MORGANTOWN, W.Va. – Local lawmakers have secured $60,000 from the local Economic Development Assistance Grant program to construct a new Wadestown Fair Building.

From Left to Right- Monongalia County Commissioner Jeff Arnett; Monongalia County Commissioner Tom Bloom; Delegate Joe Statler; Senator Charlie Clements; President of the Clay Battelle FFA Alumni Association Keith Watson and Monongalia County Commissioner Sean Sikora

Delegate Joe Statler, R-Monongalia, and Delegate Dave Pethel, D-Wetzel, passed on a $10,000 of the grant and $25,000 each was donated by Senator Charlie Clements, R-Wetzel, and Mike Maroney, R-Marshall.

“That so far is the biggest one we’ve written (the check) and we’re glad it’s a good thing for that part of the community,” Clements said.

Clay-Battelle FFA Alumni Association President Keith Watson said the existing barn was built in 1927 and in his words, “is a little tired.”

The proposed wood framed, steel-skinned barn would have 11,500-square feet of space with a large livestock show ring. The building would also have utilities and WIFI giving it the capability to host other FFA or 4-H events.

“Just the building shell we’re at nearly $278,000 and with the concrete, electrical and plumbing that we need, we’re trying to keep this figure under $500,000 on this building.”

The Monongalia County Commission has also agreed to allocate $150,000 to the project, and that number could change based on need.

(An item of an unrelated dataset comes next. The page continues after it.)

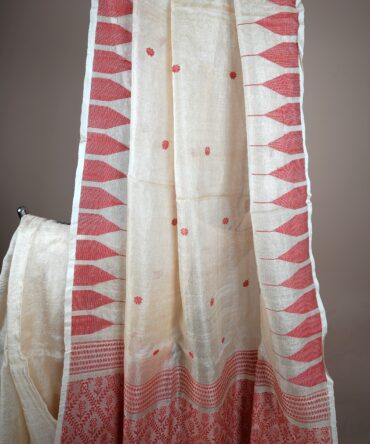 Handwoven Tussar Silk Saree With Red Moirangphee/Manipuri Border

Delegate Statler is one of the founders of Monongalia County Fair Livestock Show and Auction and a lifelong participant and supporter of agriculture in the county. Statler said he is willing to consider additional grants in the future.

“It’s very much a project the community feels that they want and need out there,” Statler said. “We get this money yearly also, so we can look as we go along and see if there’s another commitment we can make later on.”

The new barn will support agriculture activities for FFA and 4-H members locally and from around the region with 1,700-square foot show area. But the utility and technology upgrades could make viable for other community events.

“It could be used for anything after that- the Fall Festival they have out there, the craft shows that could be there or any agriculture industry,” Watson said. “The building would be set up and established and you could have different shows throughout the year.”

Statler said the FFA and 4-H programs that are offered give young people the skills to be productive members of the community. The program leaders teach skills that can be used or even marketed as young people mature and determine what their career might be.

“Last week I was out there and they were painting a trailer and a car,” Statler said. “They were patching it up and painting it themselves- students.

Watson hopes to raise the funds needed and announce a timeline for the demolition of the existing and construction in July. The fairgrounds would be used through September of this year, but Watson is confident the new building could be ready the fair next year if the money is raised.